Great news! I just received notification from Welldone that my H11 HID kit will be shipped. I'll be the first A3 in North America to utilize the H11 kit. Will post a review once it's received and installed. Daniel @ Welldone is a great guy with understanding of providing 100% customer satisfaction.


----------



## dooky (Jul 30, 2010)

I finally received the H11 kit today and installed it lastnight. Everything is plug and play. It works like a charm! I tested the lights with my wipers on at full setting without any problems. I'm the first A3 in North America running the Welldone H11 kit. Thanks to Daniel for making everything right. I'm sure you'll have many more happy customers like myself.  And, to Rick89 for your advice and help.


----------



## KayvinA3 (Aug 7, 2011)

Any update as to how the kit is working? any problems since you installed it?


----------



## Zain_C (Nov 20, 2011)

Reviving this thread to ask a question. I have the 2008 A3 2.0T S-line. I'm located in Canada.

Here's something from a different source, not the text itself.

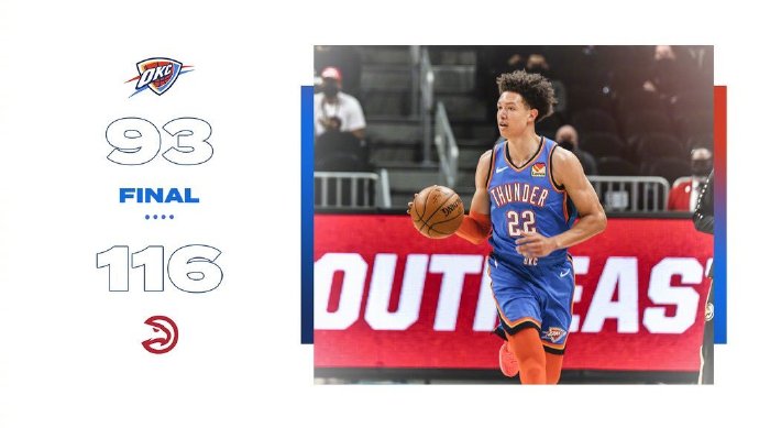 雷霆:波库舍夫斯基4分6板,罗比8分5板,霍福德11分6板,多特8分,亚历山大19分3板4助,威廉姆斯10分6板,杰罗姆18分,马勒登10分2板4助

Which bulb kit do I get and where do I get it from?


----------



## everfresh59 (Jul 26, 2010)

DIY would be great, I'd be really interested installing this.


----------



## Dr Chill (Aug 24, 2011)

I tried emailing blazedani from his site and pm from this site a month ago and no reply regarding a group buy discount. 

Doesn't seem like he wants to sell product very badly.


----------



## White_A3 (Feb 27, 2009)

Just ordered a set through PayPal. 
Quite honestly feels a bit sketchy, I'm sure it'll work out.
Looking forward to a great product!


----------



## dman4486 (Jun 22, 2011)

I never understood why anyone takes a picture of the headlights when all anybody cares about is the light pattern on the area in front of you. Take a picture from driver's eye level looking out the front. Better yet... go 100 yards in front of the vehicle and take a picture from eye level where oncoming traffic would be and show how bad the glare is. OR put the car in front of a white wall and show the pattern on the wall.


----------



## HonDee-A3 (Feb 26, 2007)

reviving this thread
has there been any issues with this kit?

my motor jus blown......again.....:banghead:


----------



## krazyboi (May 19, 2004)

VVME, 2nd set, no blown motors.

Sent from my MB860 using Tapatalk


----------



## tiptronic (Apr 18, 1999)

krazyboi said:


> VVME, 2nd set, no blown motors.
> 
> Sent from my MB860 using Tapatalk


KB, i really think that some A3 may have been wired or grounded differently. But it will always be a mystery.
My 07 still on its 2nd kit and, almost 100k miles from install, still presented no issue. (VVME and RetroSolutions Digital) Ive turned on wipers when I already have headlamps On or vise versa.


e


----------



## theblue (Aug 16, 2001)

I'm taking the risk and throwing in a set of xentec hids in my low beams. I have yet to find somebody who had the issue with these. I've also pm'd a couple people who have been running them without issue for some time.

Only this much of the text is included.